Opportunities for future research
There were some interesting and unexpected findings as a result of this study. First of all, the analysis shows that Hispanic race was somewhat of a protective factor for TF amputation. We cannot draw any conclusions as to why this relationship occurred, but it is an unusual finding and needs to be addressed with more specific research in the future. Second, the data show that a diagnosis of cerebrovascular disease puts an individual at a significantly greater risk of TF amputation (OR 2.12; 95% CI 2.03, 2.23). This is a significant finding that also warrants further investigation.
Conclusion
The disparity in level of amputation between females and males and individuals of black and white race has not been meaningfully affected by increased government and policy attention to the issue of health disparities over the 10-year period of our study. This is concerning as a level of amputation has a significant relationship with an individual’s function and quality of life.
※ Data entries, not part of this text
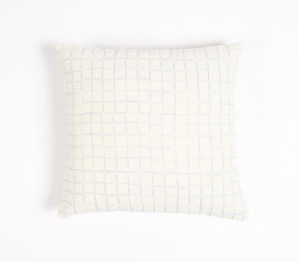 This 16-inch beige and gray geometric cotton throw pillow cover with embroidery will add a beautiful decorative accent to your decor. The beige and gray coloring of the extremely durable and long lasting cotton pillow cover will add dimension and texture to your space. For anyone that loves to decorate or accent their space with color and texture. A great decorative accessory for your favorite chair, to accent your sofa, or to use as part of your bed ensemble. 16-inch H x 16-inch W x 0.1-inch D
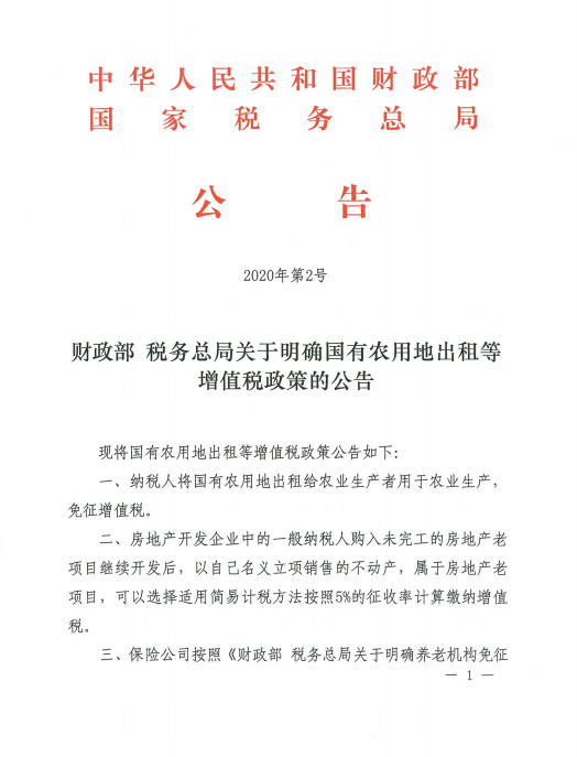 财政部+税务总局关于明确国有农用地出租等增值税政策的公告
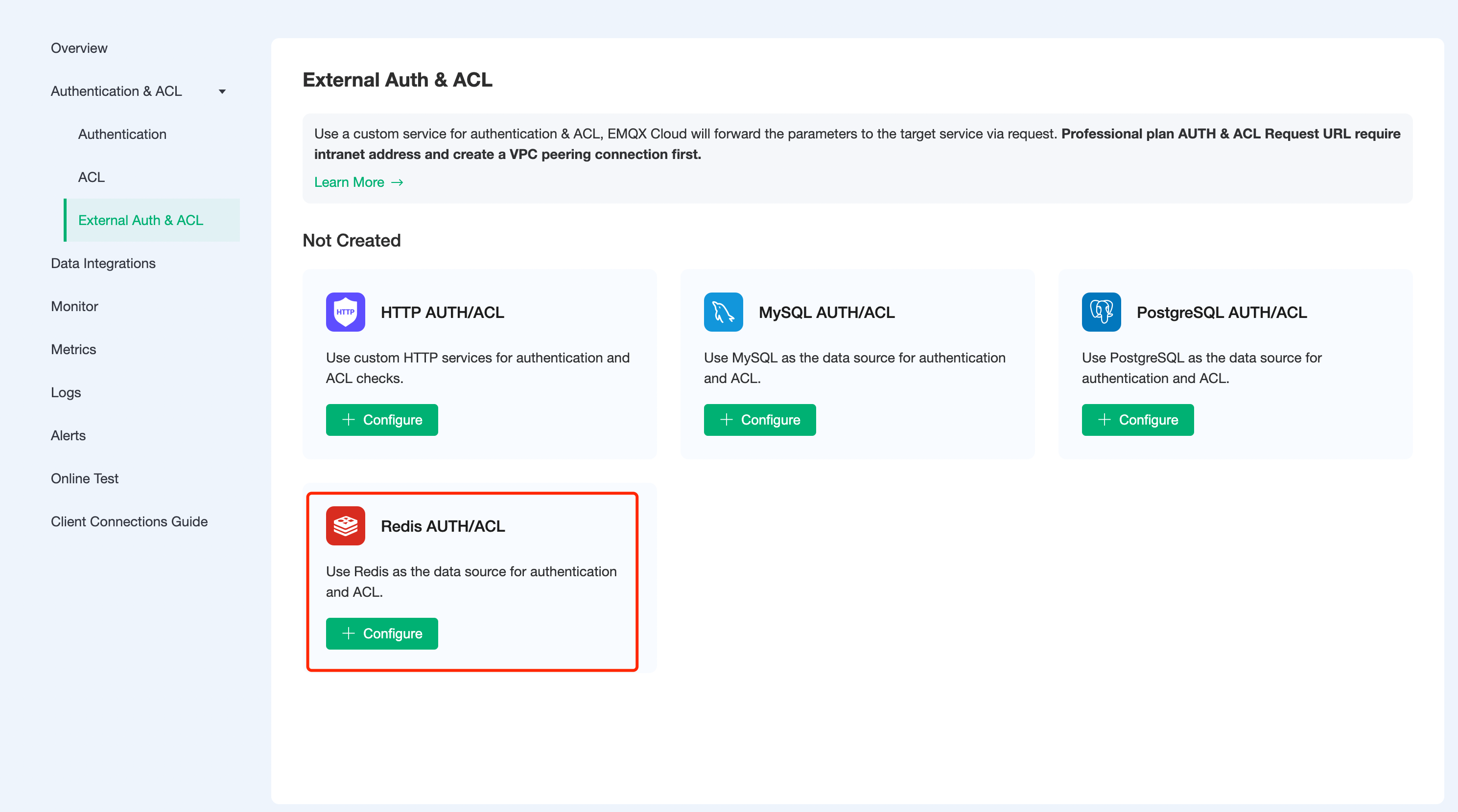 As one method of password authentication, EMQX Cloud supports password authentication through the integration of Redis. EMQX supports three Redis deployment modes: Single Node, Redis Sentinel, and Redis Cluster. This section will introduce how to perform related configurations.

These findings should stimulate thought and research around the ideas of clinical decision support and public health initiatives that might allow for more meaningful change over time.
Footnotes
Declaration of conflicting interest
The authors declare that there is no conflict of interest.
Funding
This study was supported by an internal Provost’s Grant at Widener University and the Springfield College Research Fund.
No commercial party having a direct financial interest in the results of the research supporting this article has or will confer a benefit upon the authors or upon any organization with which the authors are associated.